Collected data entries:
════════

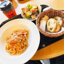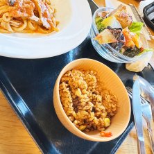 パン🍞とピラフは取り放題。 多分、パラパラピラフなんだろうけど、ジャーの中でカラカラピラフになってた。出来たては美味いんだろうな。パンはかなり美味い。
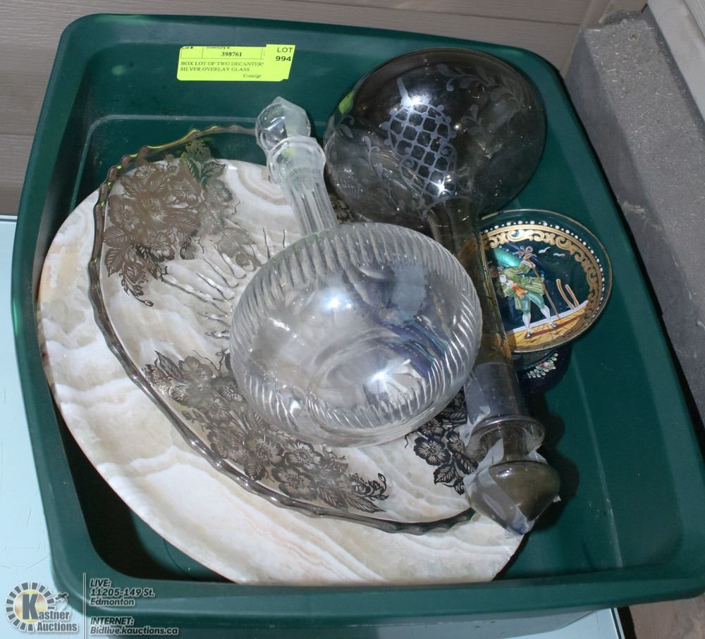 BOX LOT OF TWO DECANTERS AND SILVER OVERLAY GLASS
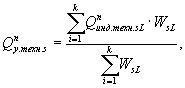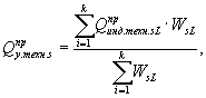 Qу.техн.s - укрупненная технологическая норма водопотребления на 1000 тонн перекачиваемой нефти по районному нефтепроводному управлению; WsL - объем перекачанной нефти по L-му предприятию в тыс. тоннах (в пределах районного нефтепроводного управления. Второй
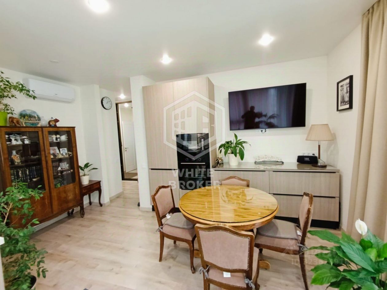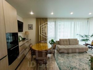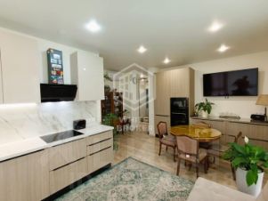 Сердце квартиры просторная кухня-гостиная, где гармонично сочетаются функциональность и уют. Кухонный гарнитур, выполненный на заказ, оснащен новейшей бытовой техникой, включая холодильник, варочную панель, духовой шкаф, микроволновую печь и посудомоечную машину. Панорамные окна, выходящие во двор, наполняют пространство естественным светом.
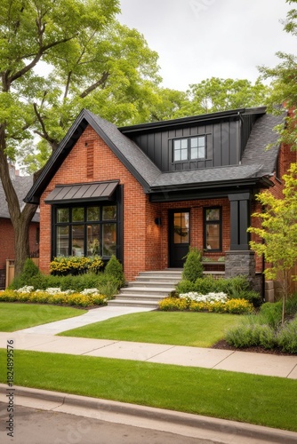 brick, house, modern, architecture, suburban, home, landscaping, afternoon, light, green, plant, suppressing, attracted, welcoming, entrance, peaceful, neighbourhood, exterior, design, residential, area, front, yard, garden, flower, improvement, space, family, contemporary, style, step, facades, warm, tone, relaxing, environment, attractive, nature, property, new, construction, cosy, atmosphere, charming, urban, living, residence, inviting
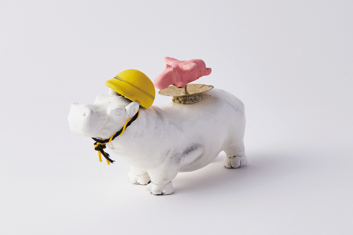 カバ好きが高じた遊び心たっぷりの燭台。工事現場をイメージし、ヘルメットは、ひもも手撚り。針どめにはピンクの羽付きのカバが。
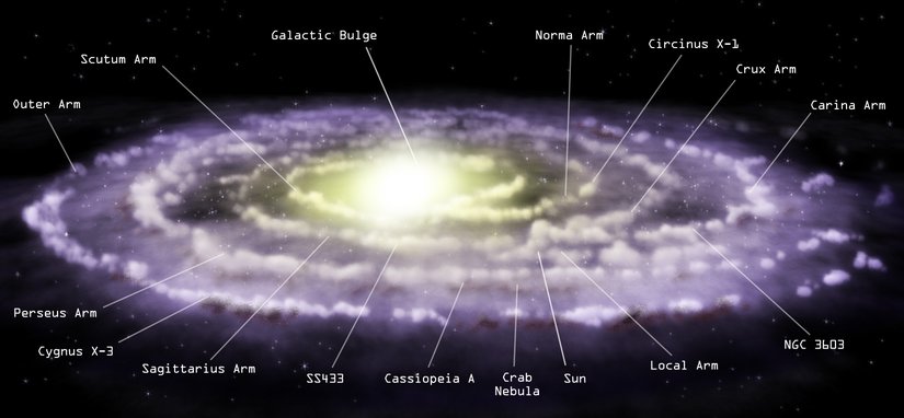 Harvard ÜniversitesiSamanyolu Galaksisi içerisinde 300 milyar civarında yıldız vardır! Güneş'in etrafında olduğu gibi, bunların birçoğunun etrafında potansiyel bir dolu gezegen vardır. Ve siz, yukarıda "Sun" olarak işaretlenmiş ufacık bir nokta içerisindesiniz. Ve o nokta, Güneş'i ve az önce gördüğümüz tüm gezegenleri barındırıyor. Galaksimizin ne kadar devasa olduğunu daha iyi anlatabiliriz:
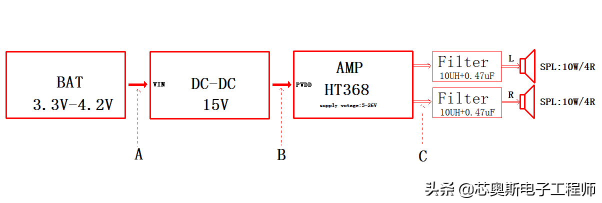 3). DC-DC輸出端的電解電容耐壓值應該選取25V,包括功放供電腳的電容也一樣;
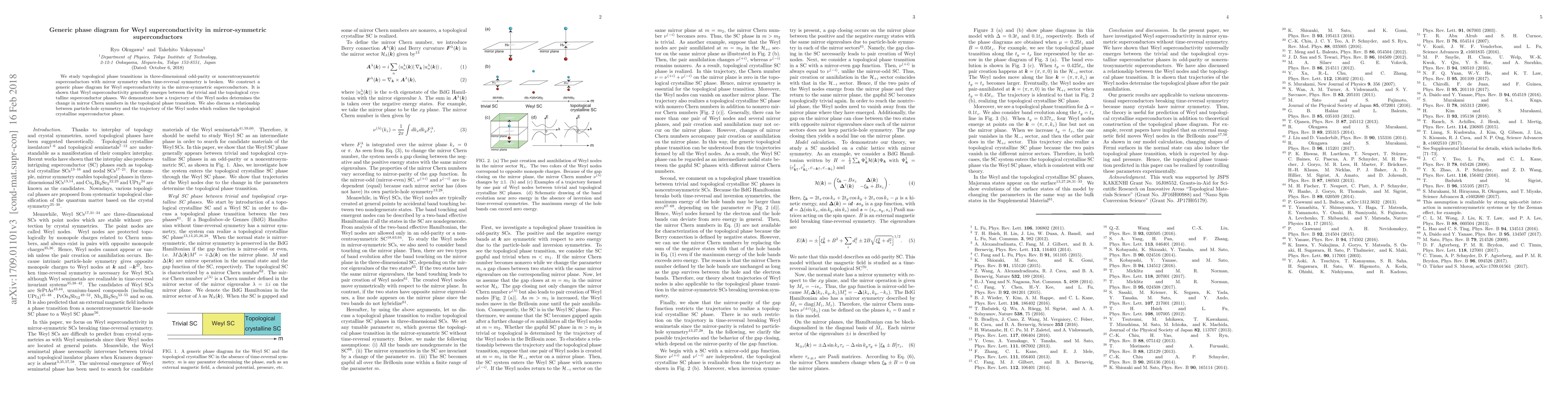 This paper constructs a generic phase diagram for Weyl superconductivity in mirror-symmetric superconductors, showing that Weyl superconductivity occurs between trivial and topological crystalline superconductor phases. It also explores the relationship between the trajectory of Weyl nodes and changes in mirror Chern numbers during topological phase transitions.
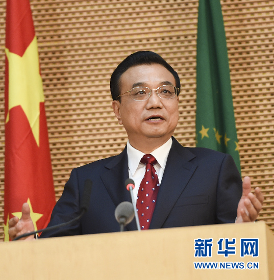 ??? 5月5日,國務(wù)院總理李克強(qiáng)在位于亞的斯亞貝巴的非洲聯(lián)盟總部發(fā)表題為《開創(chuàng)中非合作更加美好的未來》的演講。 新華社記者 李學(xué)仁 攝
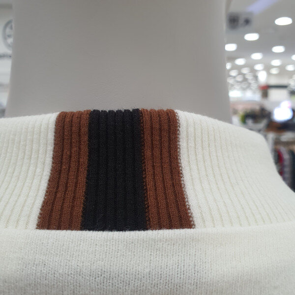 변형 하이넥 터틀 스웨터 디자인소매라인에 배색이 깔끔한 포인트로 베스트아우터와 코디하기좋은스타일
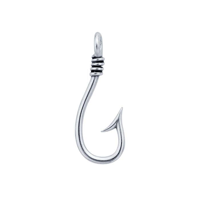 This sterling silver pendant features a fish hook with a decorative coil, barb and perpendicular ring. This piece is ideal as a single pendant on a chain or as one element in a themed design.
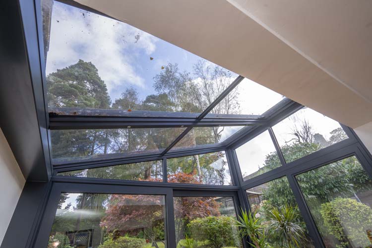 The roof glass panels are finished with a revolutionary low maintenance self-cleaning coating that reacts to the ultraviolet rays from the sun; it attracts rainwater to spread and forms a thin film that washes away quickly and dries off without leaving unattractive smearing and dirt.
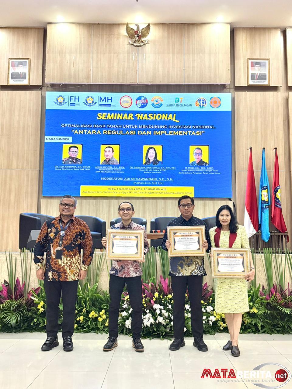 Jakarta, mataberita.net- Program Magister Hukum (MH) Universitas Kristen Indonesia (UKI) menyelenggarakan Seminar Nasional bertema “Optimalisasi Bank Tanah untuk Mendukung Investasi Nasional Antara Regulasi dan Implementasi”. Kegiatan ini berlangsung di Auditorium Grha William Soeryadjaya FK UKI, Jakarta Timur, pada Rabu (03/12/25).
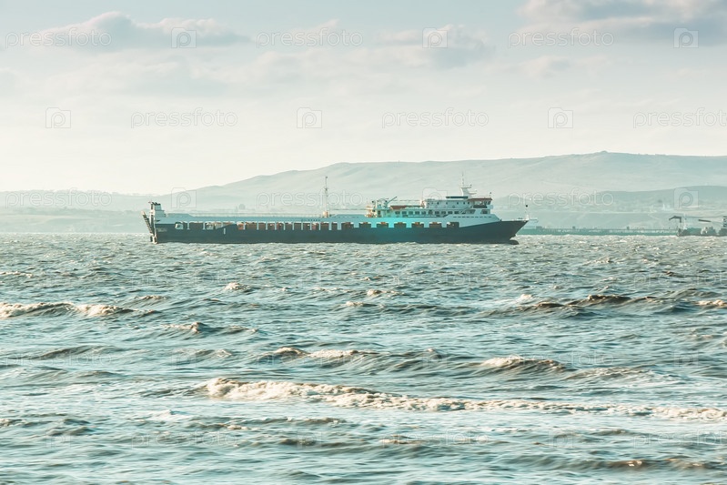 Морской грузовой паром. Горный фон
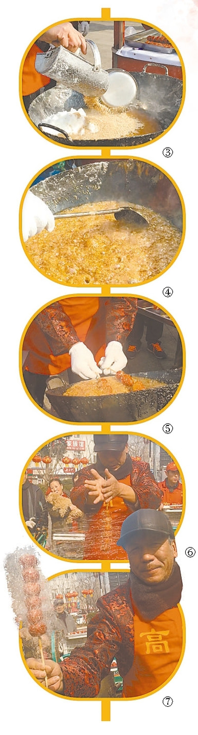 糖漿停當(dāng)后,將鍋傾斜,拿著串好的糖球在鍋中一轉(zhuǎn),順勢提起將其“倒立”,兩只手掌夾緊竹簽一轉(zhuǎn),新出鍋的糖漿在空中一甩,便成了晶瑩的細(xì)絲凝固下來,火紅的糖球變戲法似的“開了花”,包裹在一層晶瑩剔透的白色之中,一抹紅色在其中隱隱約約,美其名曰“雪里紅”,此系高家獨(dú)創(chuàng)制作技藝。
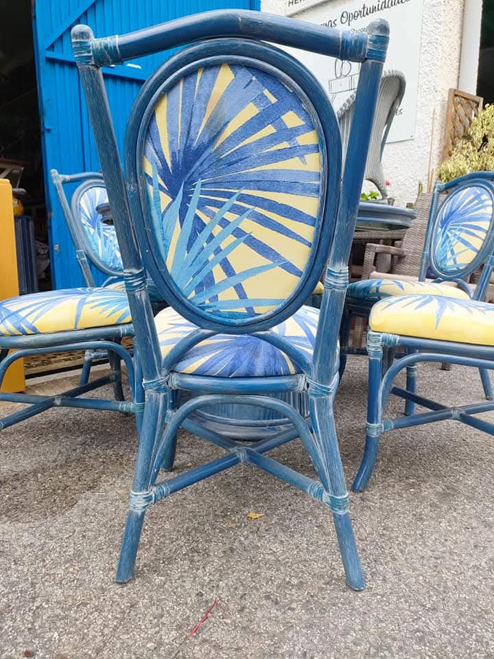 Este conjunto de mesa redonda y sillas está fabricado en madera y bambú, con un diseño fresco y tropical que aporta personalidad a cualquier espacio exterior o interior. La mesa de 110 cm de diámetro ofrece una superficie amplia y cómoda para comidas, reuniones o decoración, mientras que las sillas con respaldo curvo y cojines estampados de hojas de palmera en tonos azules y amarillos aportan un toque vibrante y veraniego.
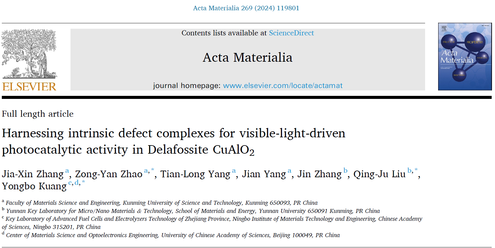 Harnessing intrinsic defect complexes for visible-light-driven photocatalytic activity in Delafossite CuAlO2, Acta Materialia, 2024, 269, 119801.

════════

- TASK ITEM:
Go through the records above and write out every line exactly, passing over the pictures.

- TASK SOLUTION:
 パン🍞とピラフは取り放題。 多分、パラパラピラフなんだろうけど、ジャーの中でカラカラピラフになってた。出来たては美味いんだろうな。パンはかなり美味い。
 BOX LOT OF TWO DECANTERS AND SILVER OVERLAY GLASS
 Qу.техн.s - укрупненная технологическая норма водопотребления на 1000 тонн перекачиваемой нефти по районному нефтепроводному управлению; WsL - объем перекачанной нефти по L-му предприятию в тыс. тоннах (в пределах районного нефтепроводного управления. Второй
 Сердце квартиры просторная кухня-гостиная, где гармонично сочетаются функциональность и уют. Кухонный гарнитур, выполненный на заказ, оснащен новейшей бытовой техникой, включая холодильник, варочную панель, духовой шкаф, микроволновую печь и посудомоечную машину. Панорамные окна, выходящие во двор, наполняют пространство естественным светом.
 brick, house, modern, architecture, suburban, home, landscaping, afternoon, light, green, plant, suppressing, attracted, welcoming, entrance, peaceful, neighbourhood, exterior, design, residential, area, front, yard, garden, flower, improvement, space, family, contemporary, style, step, facades, warm, tone, relaxing, environment, attractive, nature, property, new, construction, cosy, atmosphere, charming, urban, living, residence, inviting
 カバ好きが高じた遊び心たっぷりの燭台。工事現場をイメージし、ヘルメットは、ひもも手撚り。針どめにはピンクの羽付きのカバが。
 Harvard ÜniversitesiSamanyolu Galaksisi içerisinde 300 milyar civarında yıldız vardır! Güneş'in etrafında olduğu gibi, bunların birçoğunun etrafında potansiyel bir dolu gezegen vardır. Ve siz, yukarıda "Sun" olarak işaretlenmiş ufacık bir nokta içerisindesiniz. Ve o nokta, Güneş'i ve az önce gördüğümüz tüm gezegenleri barındırıyor. Galaksimizin ne kadar devasa olduğunu daha iyi anlatabiliriz:
 3). DC-DC輸出端的電解電容耐壓值應該選取25V,包括功放供電腳的電容也一樣;
 This paper constructs a generic phase diagram for Weyl superconductivity in mirror-symmetric superconductors, showing that Weyl superconductivity occurs between trivial and topological crystalline superconductor phases. It also explores the relationship between the trajectory of Weyl nodes and changes in mirror Chern numbers during topological phase transitions.
 ??? 5月5日,國務(wù)院總理李克強(qiáng)在位于亞的斯亞貝巴的非洲聯(lián)盟總部發(fā)表題為《開創(chuàng)中非合作更加美好的未來》的演講。 新華社記者 李學(xué)仁 攝
 변형 하이넥 터틀 스웨터 디자인소매라인에 배색이 깔끔한 포인트로 베스트아우터와 코디하기좋은스타일
 This sterling silver pendant features a fish hook with a decorative coil, barb and perpendicular ring. This piece is ideal as a single pendant on a chain or as one element in a themed design.
 The roof glass panels are finished with a revolutionary low maintenance self-cleaning coating that reacts to the ultraviolet rays from the sun; it attracts rainwater to spread and forms a thin film that washes away quickly and dries off without leaving unattractive smearing and dirt.
 Jakarta, mataberita.net- Program Magister Hukum (MH) Universitas Kristen Indonesia (UKI) menyelenggarakan Seminar Nasional bertema “Optimalisasi Bank Tanah untuk Mendukung Investasi Nasional Antara Regulasi dan Implementasi”. Kegiatan ini berlangsung di Auditorium Grha William Soeryadjaya FK UKI, Jakarta Timur, pada Rabu (03/12/25).
 Морской грузовой паром. Горный фон
 糖漿停當(dāng)后,將鍋傾斜,拿著串好的糖球在鍋中一轉(zhuǎn),順勢提起將其“倒立”,兩只手掌夾緊竹簽一轉(zhuǎn),新出鍋的糖漿在空中一甩,便成了晶瑩的細(xì)絲凝固下來,火紅的糖球變戲法似的“開了花”,包裹在一層晶瑩剔透的白色之中,一抹紅色在其中隱隱約約,美其名曰“雪里紅”,此系高家獨(dú)創(chuàng)制作技藝。
 Este conjunto de mesa redonda y sillas está fabricado en madera y bambú, con un diseño fresco y tropical que aporta personalidad a cualquier espacio exterior o interior. La mesa de 110 cm de diámetro ofrece una superficie amplia y cómoda para comidas, reuniones o decoración, mientras que las sillas con respaldo curvo y cojines estampados de hojas de palmera en tonos azules y amarillos aportan un toque vibrante y veraniego.
 Harnessing intrinsic defect complexes for visible-light-driven photocatalytic activity in Delafossite CuAlO2, Acta Materialia, 2024, 269, 119801.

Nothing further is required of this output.